# [Action item]
All the lines below should appear again unchanged, though their pictures should not.
[Information Boundary: Start]
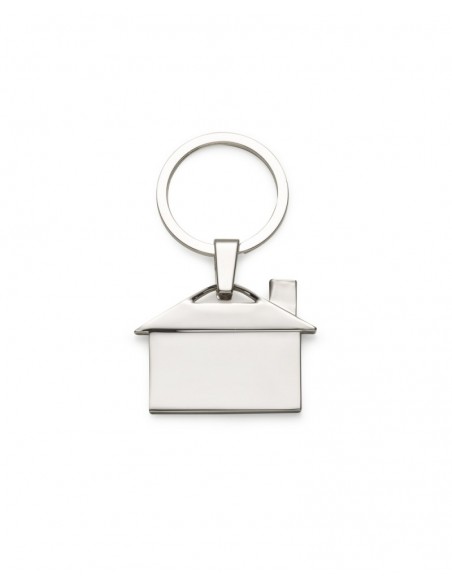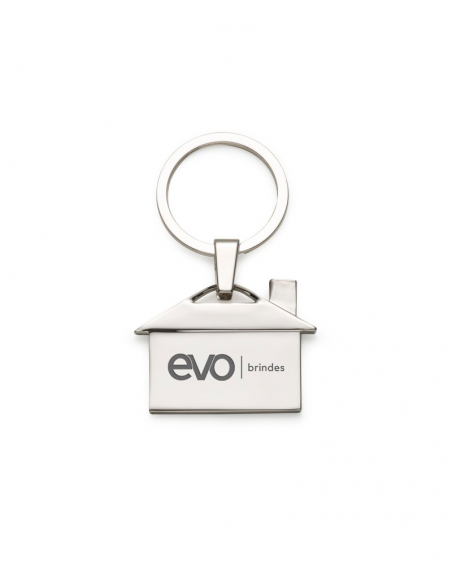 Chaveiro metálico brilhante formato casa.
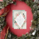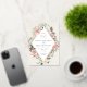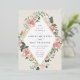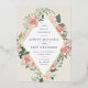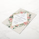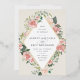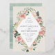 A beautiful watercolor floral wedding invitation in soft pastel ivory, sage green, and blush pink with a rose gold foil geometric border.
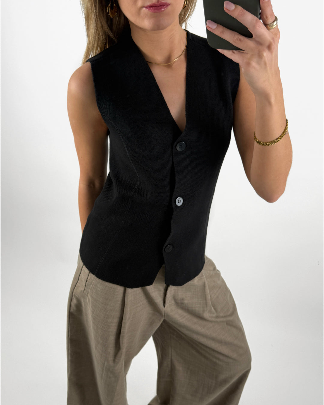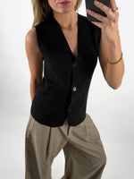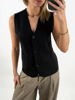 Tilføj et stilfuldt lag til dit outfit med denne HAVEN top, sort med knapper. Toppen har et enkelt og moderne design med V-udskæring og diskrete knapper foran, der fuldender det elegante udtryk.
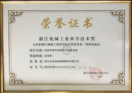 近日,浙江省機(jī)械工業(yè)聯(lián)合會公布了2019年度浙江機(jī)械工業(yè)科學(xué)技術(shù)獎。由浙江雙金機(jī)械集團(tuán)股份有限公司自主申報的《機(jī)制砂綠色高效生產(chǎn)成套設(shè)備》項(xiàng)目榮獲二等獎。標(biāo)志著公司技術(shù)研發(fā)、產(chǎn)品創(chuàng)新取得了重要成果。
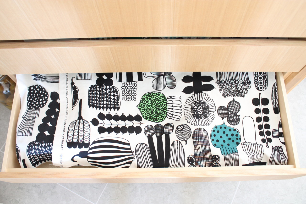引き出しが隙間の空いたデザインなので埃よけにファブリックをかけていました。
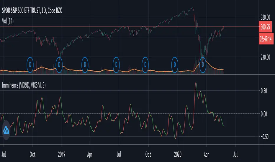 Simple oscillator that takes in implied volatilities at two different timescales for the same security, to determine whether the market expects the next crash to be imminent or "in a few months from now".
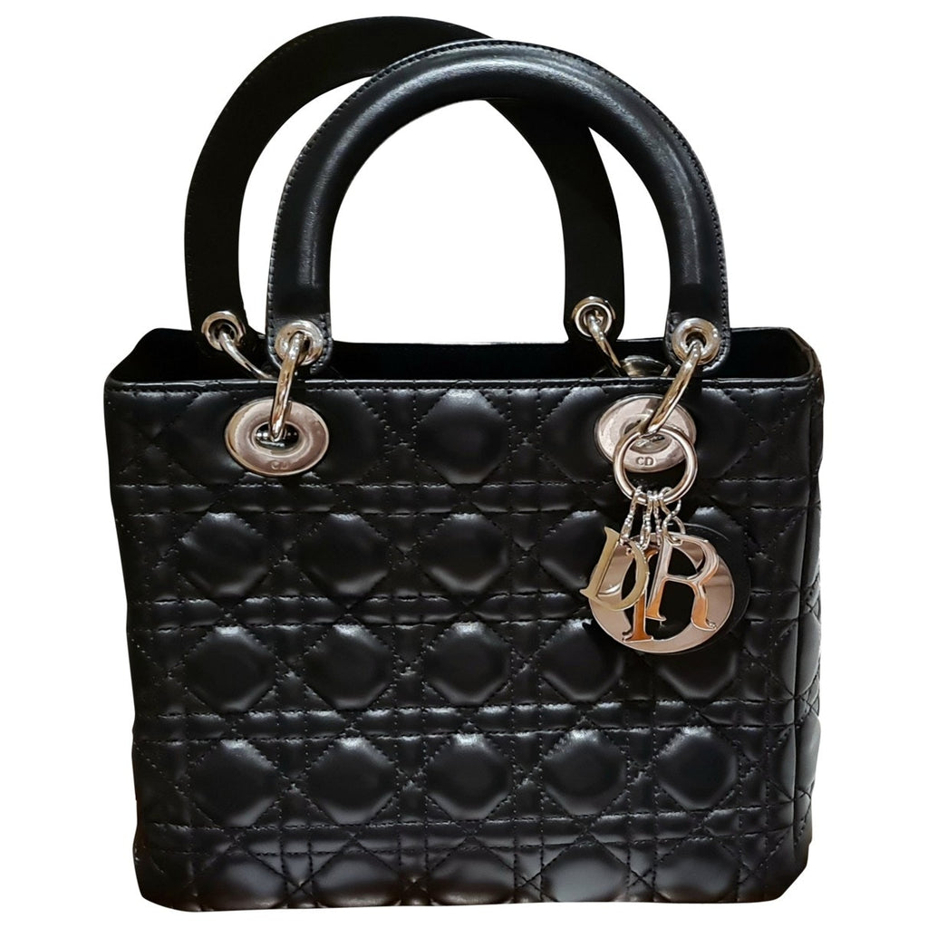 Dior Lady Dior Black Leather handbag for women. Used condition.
[Information Boundary: End]
# [Response area]
 Chaveiro metálico brilhante formato casa.
 A beautiful watercolor floral wedding invitation in soft pastel ivory, sage green, and blush pink with a rose gold foil geometric border.
 Tilføj et stilfuldt lag til dit outfit med denne HAVEN top, sort med knapper. Toppen har et enkelt og moderne design med V-udskæring og diskrete knapper foran, der fuldender det elegante udtryk.
 近日,浙江省機(jī)械工業(yè)聯(lián)合會公布了2019年度浙江機(jī)械工業(yè)科學(xué)技術(shù)獎。由浙江雙金機(jī)械集團(tuán)股份有限公司自主申報的《機(jī)制砂綠色高效生產(chǎn)成套設(shè)備》項(xiàng)目榮獲二等獎。標(biāo)志著公司技術(shù)研發(fā)、產(chǎn)品創(chuàng)新取得了重要成果。
引き出しが隙間の空いたデザインなので埃よけにファブリックをかけていました。
 Simple oscillator that takes in implied volatilities at two different timescales for the same security, to determine whether the market expects the next crash to be imminent or "in a few months from now".
 Dior Lady Dior Black Leather handbag for women. Used condition.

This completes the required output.